Reading all of these tiny black letters now formed into big blocks of ponderings, I understand two more things, and both of them might be helpful to you as a market player.
The first regards the issue of confidence. The market is a fickle creature. Watching the green and red shift about these days confirms that. To go into that wildness with hard-earned money requires confidence. One must act with resolution and resolution requires that you believe in what you think.
Yet, confidence and resolution will not get you to success. You also need a solid thinking process, a process that takes the smallest bits of data and then forms that information into larger thoughts, and, ultimately, conclusions. It is those conclusions that you must have faith in; you must believe that what you know is based on the best of your ability to know it.
Now, here comes the part that causes me some doubt and, more than likely, does for you as well. No matter how confident we are in what we think, sometimes our thinking is wrong. We choose a course of action that, simply put, loses money.
Given this reality, the question becomes this: do we forgo our confidence because we sometimes draw bad conclusions? The answer is clearly no, which brings me back again to my thought earlier in this piece – Why do I feel so free about offering my thinking on the market?

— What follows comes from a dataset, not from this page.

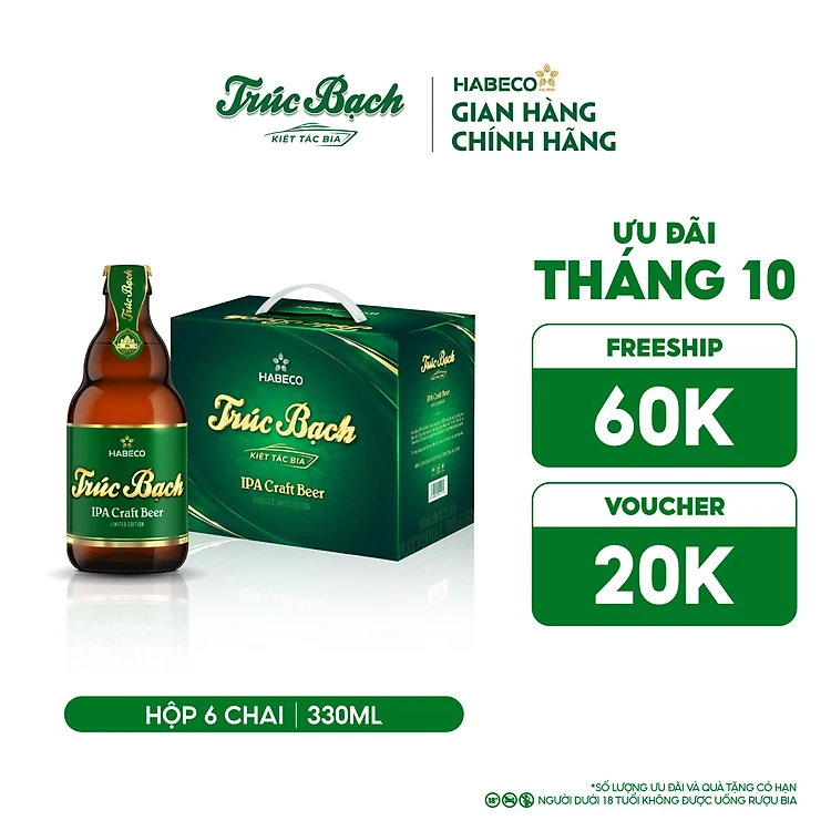 Bia Trúc Bạch IPA Craft - Hộp 6 chai 330ml
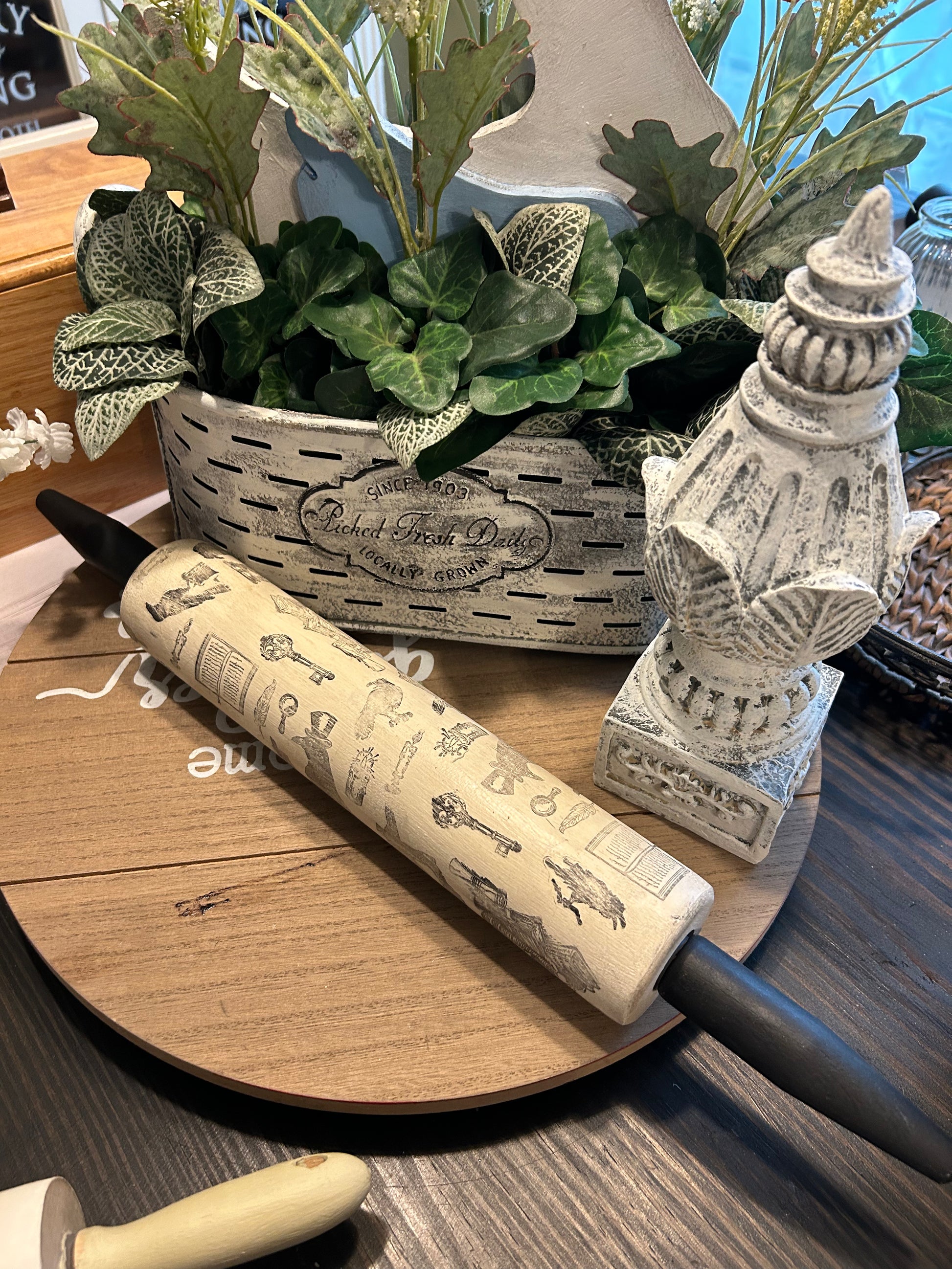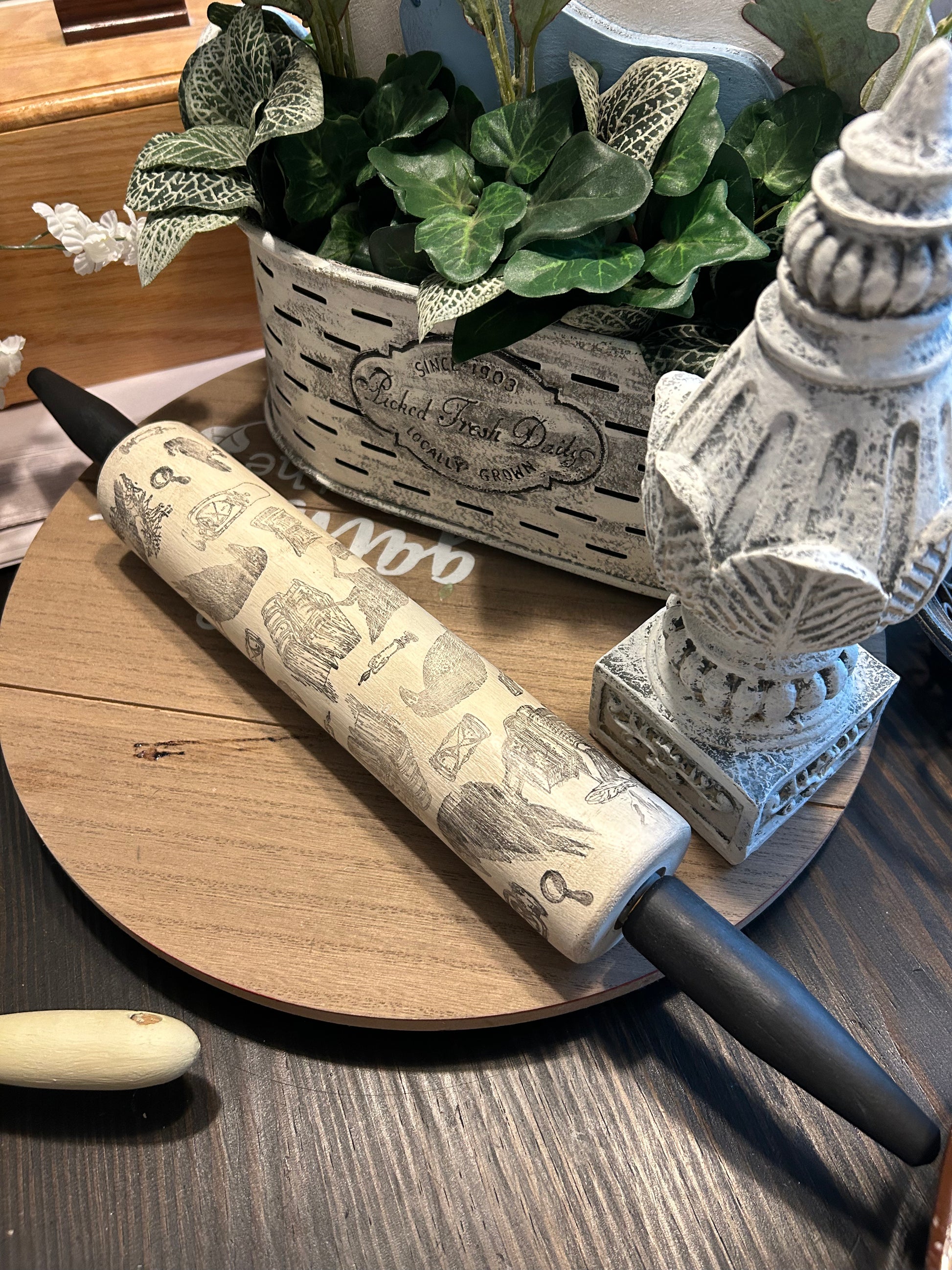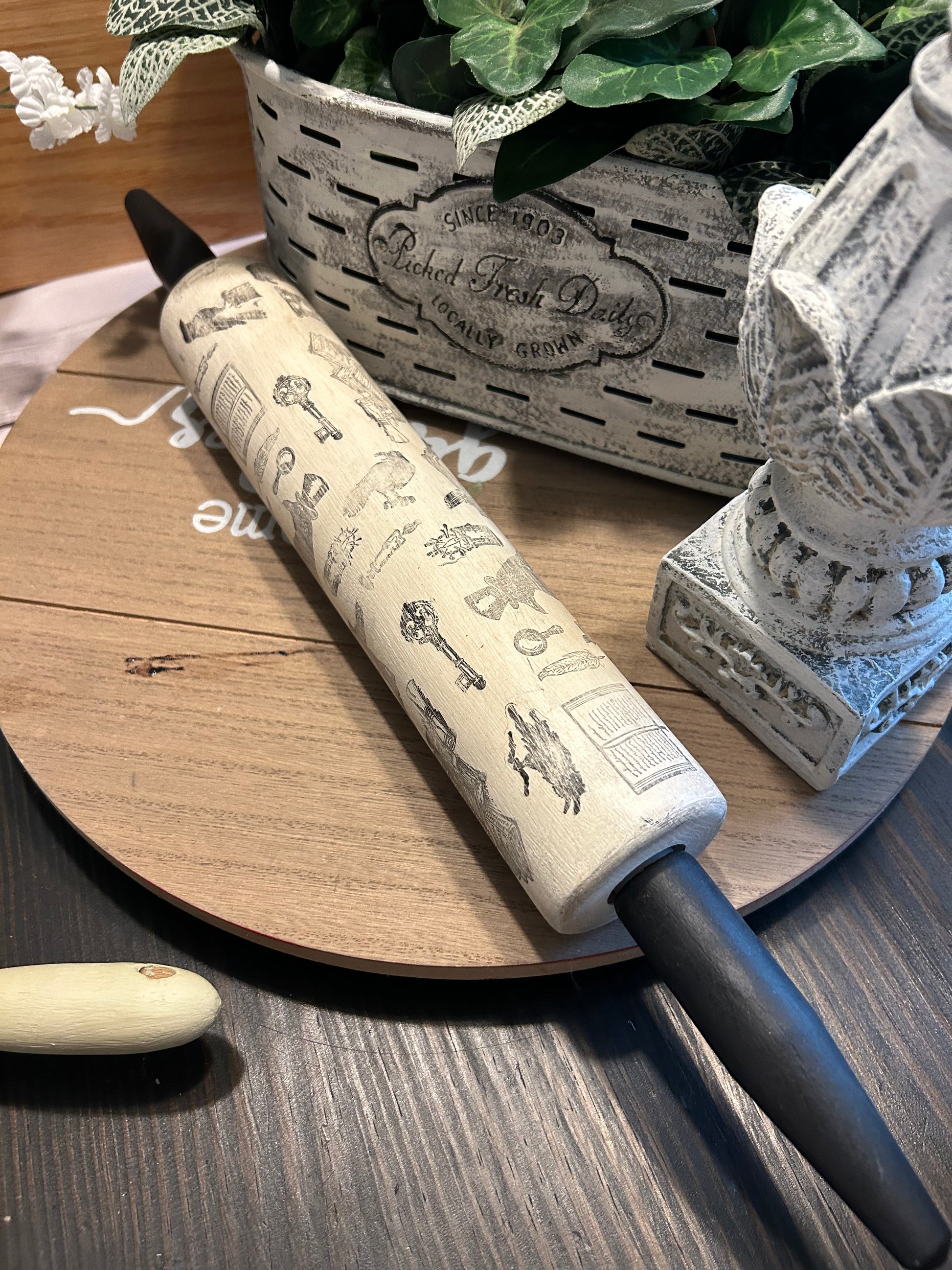 Add a touch of gothic elegance to your baking with our unique rolling pin. Designed by Sara, this rolling pin features upcycled vintage blackbird and crow motifs. Only available here, this rolling pin will surely make a statement in your kitchen. Touch of Halloween .

There is value for me, and anyone else who wishes to understand more about the market, because of the work that I do. Five days a week, I watch market data flow about on my computer screen. Five days a week that data and all the other data I pick up in my reading and listening supports my belief that I understand the market. I understand how it works, the various forces that drive it, and the reality that no matter what I think I know the market is not bound to conform to what it should do.
In that last thought is an important understanding. Because the market is not bound to conform to what is “rational” in my mind, I will err when selecting trades. It does not matter how “well thought out” my plan, the market can and does foil that simply because it is not bound to what it “should do.”
Yet, despite this clarity of thought, I still go into the wildness with my hard-earned money. Why? Because I am right way more than I am wrong, and that is the ultimate goal of traders and investors – win way more than you lose.
So, reading this, I see how I arrived here. I see all the words, the sentences, and the paragraphs and my wondering has ceased. I get it – people probably find it hard to move me from my thinking, as that effort usually fails.